# Aquael Shrimp Tank



## peterh (29 Oct 2012)

Hi, been looking for a shrimp tank when I came across the Aquael 30 tank designed for shrimp, has anyone used one of these and do they have any benefit over other nano tanks?


----------



## OllieNZ (29 Oct 2012)

I've not used one, but at a glance they dont seem to offer anything different to any other small tank.


----------



## basil (29 Oct 2012)

60l is a much better size for shrimp IMO as the water params are much more stable for the shrimp


----------



## Matt Warner (29 Oct 2012)

I disagree, 30l is perfectly suitable for shrimp. They produce such small amounts of waste, water conditions don't really change that much. These little shrimp tanks look quite good to me. The filter is shrimp friendly as it is just a sponge filter with a power head. I think the price of the tanks are really good too.


----------



## basil (30 Oct 2012)

Well I don't think it's coincidence that the serious crs breeders use tanks over 100l.........and these guys really know their onions 

I started with small tanks between 10-30l and struggled (at least with crs) until I changed to 60l tanks. Now breeding very well with excellent baby survival rate and if I had to list top five tips from my own learnings over the years then min 60l tank would be well up there. Just my own experience though.


----------



## Nathaniel Whiteside (30 Oct 2012)

Bigger the better, they like being social in groups. While demanding high water quality. Basil knows his stuff and I echo his view, that 60l is much better than 30l.

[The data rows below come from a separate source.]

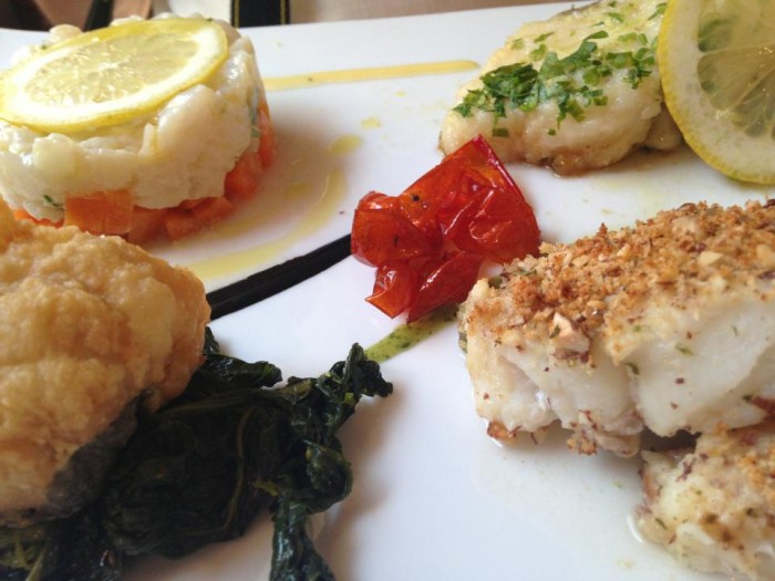 Abbondanti e di materia i due secondi di pesce, il fresco merluzzo che resta una grande carne nonostante l'idiosincrasia generazionale maturata con l'obbligo di mangiarlo ogni giorno da piccoli.
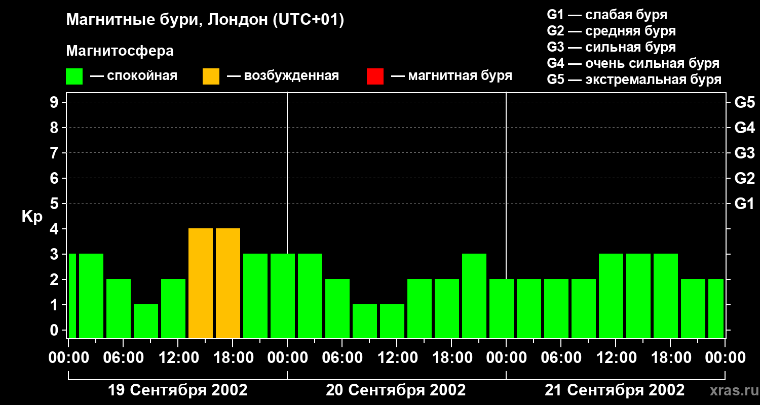 Изменения геомагнитного индекса Kp с 19 по 21 сентября 2002 года для средних широт
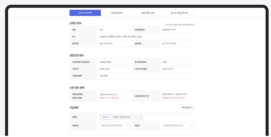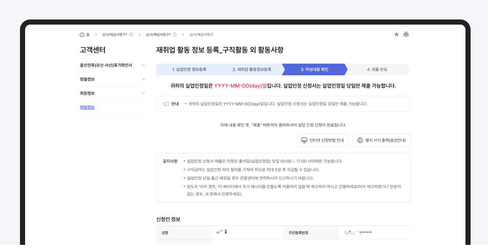신청인 정보, 실업인전정보, 신청정보를 확인하시고, 산업재해 요양 신청자 또는 요양 중 휴업급여 수급자이거나, 전산장애 등으로 지정된 출석일 (실업인정일) 당일 17:00까지 신청하지 못하신 분은 관할 센터를 방문하시면 됩니다.
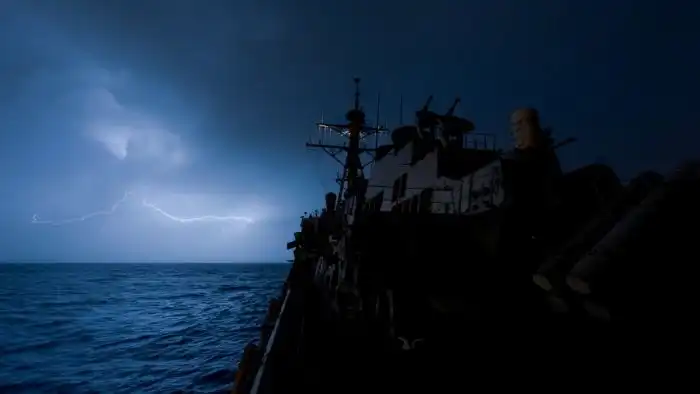 Лодки, огромные корабли, выстрелы, учения и боевые задачи.
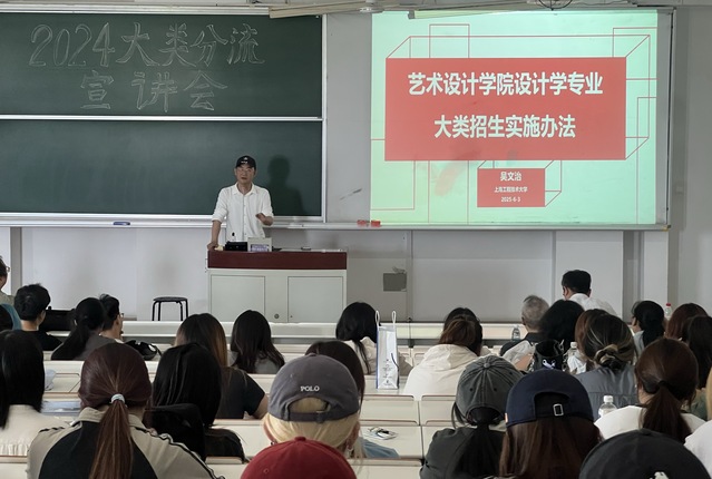 首先,吴文治向全体2024级设计学类员工详细解读了学院大类招生专业分流的工作实施办法、学院分流规则和具体志愿填报流程;强调了此次志愿的选择与填报是每位同学专业学习的起点,关系到未来的职业生涯规划以及就业机会。吴文治鼓励同学们结合自身兴趣、能力和职业目标,理性选择适合自己的专业方向。
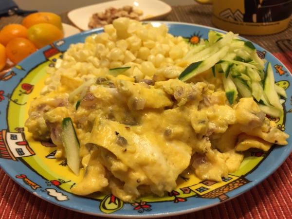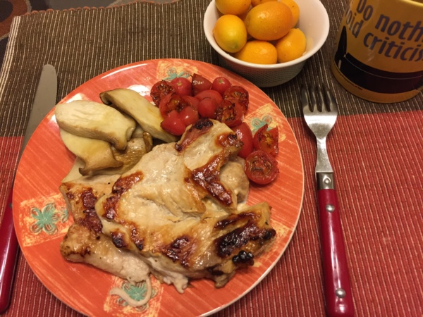 牛奶玉米是跟市場大姐買的,鮮甜極了,但炒二個蛋實在太多,有點膩。另一餐是早在冷凍庫好久了的雞胸肉,用烤盤一起烤了杏鮑菇及小蕃茄,快速又方便!
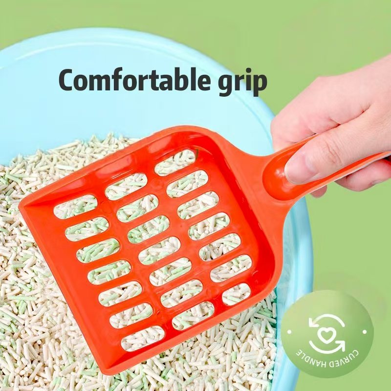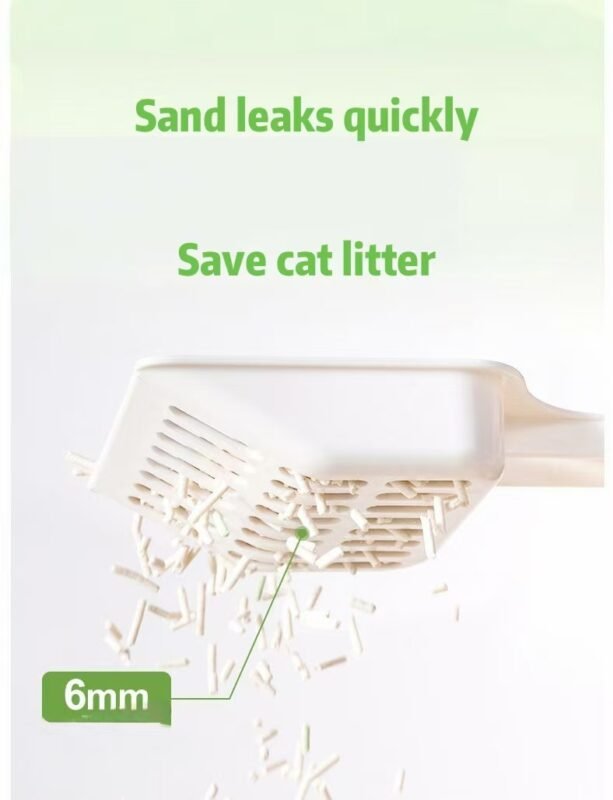 This is a PP cat litter scoop, measuring 22.4*9.6cm, with a 0.6cm hole spacing. It’s available in a variety of colors and shipped randomly. The curved handle fits snugly in your palm, providing a comfortable and effortless grip, and is ergonomically designed. The curved scoop surface removes all clumps of poop at once, significantly reducing shoveling time. The carefully designed hole spacing allows for quick removal of litter, shaking off clumps of all sizes and effectively conserving litter. It’s non-sticky, making scooping effortless, and comes with a hook for convenient storage. The minimalist design combines practicality and aesthetics, making it an excellent addition to your litter scoop.
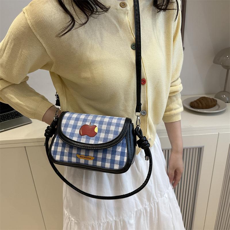 Korean Version Plaid Mini Shoulder 2025 Contrasting Color Embroidery Chain Messenger Bag Sweet and Cute Portable Fashion Saddle Bag
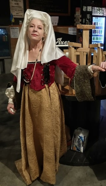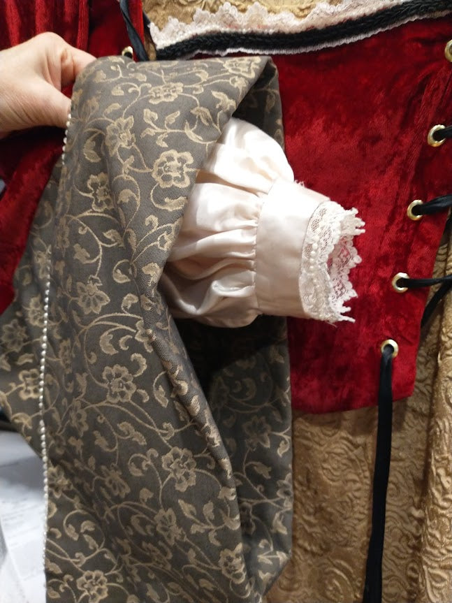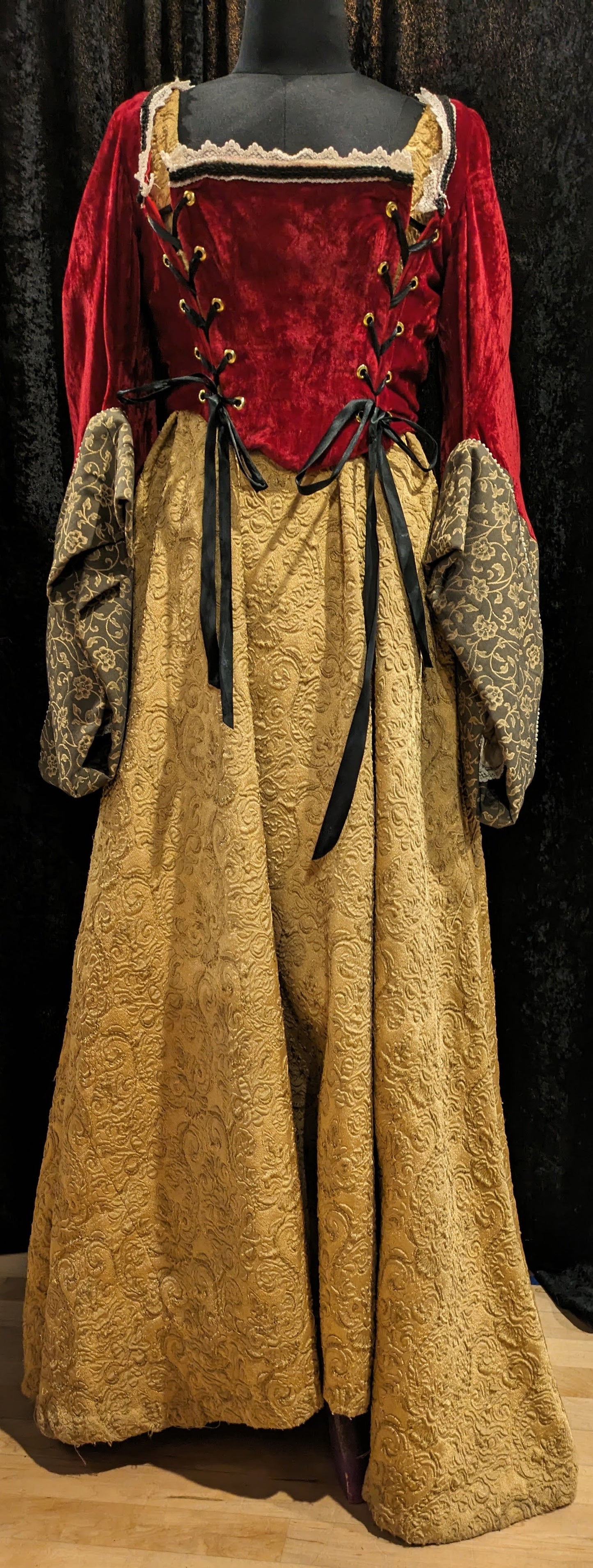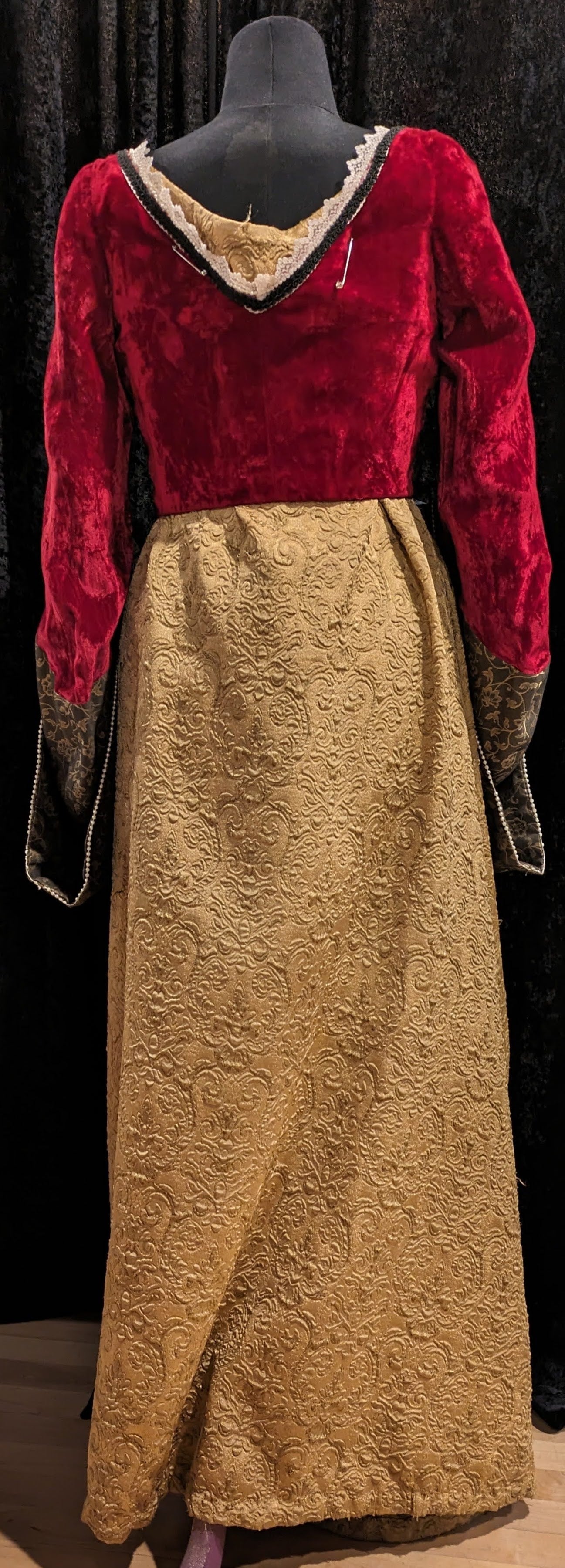 Handmade by local seamstress Margaret Proud. Golden textured undergown has billowing Satin sleeves as chemise effect, but easier to wear than multiple layers. Bodice of red velvet with draping cuffed sleeves finishes the look. Lace and pearl trim detail throughout. Brocade cuffs. Can accommodate hoopskirt for extra fullness.

Although I keep CRS in an ADA mini M, I maybe change water 2-3 times per week and check daily. I would prefer a larger tank for them though.

It's all dependant on how much time you have to play about and check everything is ok.


----------



## basil (30 Oct 2012)

Least I hope I'm right......custom tanks ordered, rack arrived and my 360l shrimp rack build starts this weekend.......! Will start a tank rack thread to report my project and stock


----------